# Lecture 24c: Gradient Descent Learning Rule
### Updating parameters for every training sample

## Load Packages

In [None]:
%matplotlib inline
import time
import torch
import numpy as np
import torchvision
import torch.nn as nn
import torch.optim as optim
import matplotlib.pyplot as plt
from torchvision import datasets, transforms

print(torch.__version__) # This code has been updated for PyTorch 1.0.0

## Load Data

In [None]:
transform = transforms.Compose([transforms.ToTensor()])
trainset = torchvision.datasets.MNIST(root='./MNIST', train=True,
                                        download=True, transform=transform)
testset = torchvision.datasets.MNIST(root='./MNIST', train=False,
                                       download=True, transform=transform)
BatchSize = 100
testloader = torch.utils.data.DataLoader(testset, batch_size=BatchSize,
                                         shuffle=False, num_workers=4) # Creating dataloader

In [None]:
print('No. of training samples = '+str(len(trainset)))

In [None]:
# Check availability of GPU

use_gpu = torch.cuda.is_available()
if use_gpu:
    print('GPU is available!')
    device = "cuda"
else:
    print('GPU is not available!')
    device = "cpu"

## Neural Network

In [None]:
class NeuralNet(nn.Module):
    def __init__(self):
        super(NeuralNet, self).__init__()
        self.Layer1 = nn.Sequential(
            nn.Linear(28*28, 400),
            nn.ReLU(),
            nn.Linear(400, 256),
            nn.ReLU())
        self.Layer2 = nn.Sequential(
            nn.Linear(256, 10))

    def forward(self, x):
        x = self.Layer1(x)
        x = self.Layer2(x)
        return x

In [None]:
net = NeuralNet()
net = net.to(device)

## Train Classifier

In [None]:
iterations = 3
learning_rate = 0.01
criterion = nn.CrossEntropyLoss()

Plotacc = []
trainLoss = []

for epoch in range(iterations):  # loop over the dataset multiple times
    start = time.time()
    correct = 0  
    runningLoss = 0    
    total = 0
    net.train() # For training
    for i in range(len(trainset)): # i-->Sample number
        # get the inputs
        inputs = trainset[i][0]
        labels = trainset[i][1]*torch.ones(1)       
        inputs, labels = inputs.view(-1, 28*28).to(device), labels.long().to(device)        
              
        outputs = net(inputs) # forward 
        loss = criterion(outputs, labels) # calculate loss                 
   
        # Updating parameters for every training smaple      
        net.zero_grad()  # zeroes the gradient buffers of all parameters    
        loss.backward()
        for f in net.parameters():
            f.data.sub_(f.grad.data * learning_rate) # weight = weight - learning_rate * gradient (Update Weights) 
        runningLoss += loss.item()
    
    trainLoss.append(runningLoss/(i+1))   
    
    net.eval() # For testing [Affects batch-norm and dropout layers (if any)]
    with torch.no_grad(): # Gradient computation is not involved in inference
        for data in testloader:
            inputs, labels = data
            inputs, labels = inputs.view(-1, 28*28).to(device), labels.to(device)
            total += labels.size(0)

            outputs = net(inputs)
            _, predicted = torch.max(outputs.data, 1)
            correct += (predicted == labels).sum()        

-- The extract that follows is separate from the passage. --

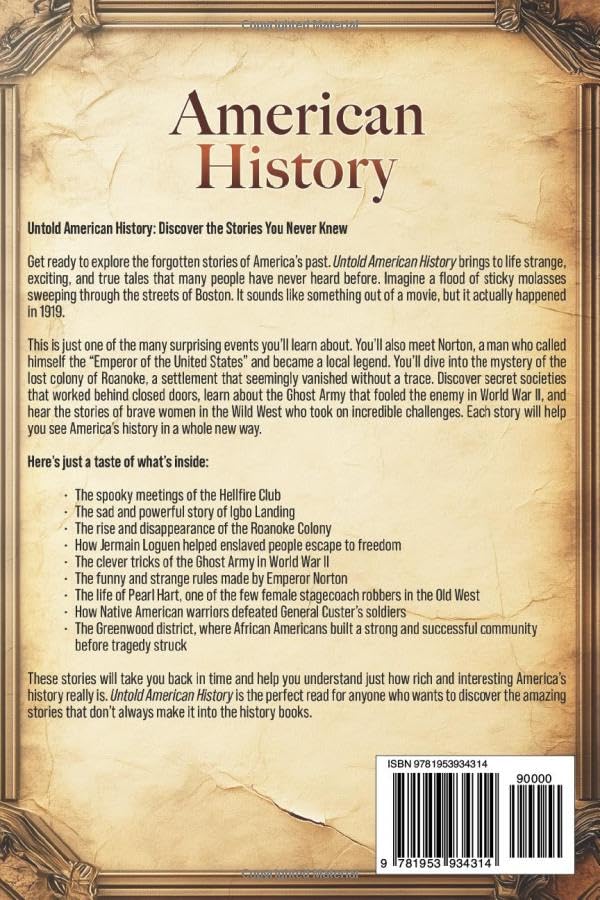 Untold American History: Discover the Stories You Never Knew Get ready to explore the forgotten stories of America’s past. Untold American History brings to life strange, exciting, and true tales that many people have never heard before. Imagine a flood of sticky molasses sweeping through the streets of Boston. It sounds like something out of a movie, but it actually happened in 1919. This is just one of the many surprising events you’ll learn about. You’ll also meet Norton, a man who called himself the “Emperor of the United States” and became a local legend. You’ll dive into the mystery of the lost colony of Roanoke, a settlement that seemingly vanished without a trace. Discover secret societies that worked behind closed doors, learn about the Ghost Army that fooled the enemy in World War II, and hear the stories of brave women in the Wild West who took on incredible challenges. Each story will help you see America’s history in a whole new way. Here’s just a taste of what’s inside: The spooky meetings of the Hellfire Club The sad and powerful story of Igbo Landing The rise and disappearance of the Roanoke Colony How Jermain Loguen helped enslaved people escape to freedom The clever tricks of the Ghost Army in World War II The funny and strange rules made by Emperor Norton The life of Pearl Hart, one of the few female stagecoach robbers in the Old West How Native American warriors defeated General Custer’s soldiers The Greenwood district, where African Americans built a strong and successful community before tragedy struck These stories will take you back in time and help you understand just how rich and interesting America’s history really is. Untold American History is the perfect read for anyone who wants to discover the amazing stories that don’t always make it into the history books. Ready to learn more about America’s hidden past? Scroll up and click the “add to cart” button to start your adventure!

    Plotacc.append(float(correct)*100/float(total))
    epochTimeEnd = time.time()-start
    print('At Epoch {:.0f}: Loss = {:.6f} , Acc = {:.4f} %'.format(epoch+1,runningLoss/(i+1),float(correct)*100.0/float(total)))   
    print('Epoch completed in {:.0f}m {:.0f}s'.format(epochTimeEnd // 60, epochTimeEnd % 60))
    
fig = plt.figure()        
plt.plot(range(epoch+1),trainLoss,'r-',label='Cross Entropy Loss')
plt.legend(loc='best')
plt.xlabel('Epochs')
plt.ylabel('Training Loss')  
    
fig = plt.figure()        
plt.plot(range(epoch+1),Plotacc,'g-',label='Accuracy')
plt.legend(loc='best')
plt.xlabel('Epochs')
plt.ylabel('Testing Accuracy')  
print('Finished Training')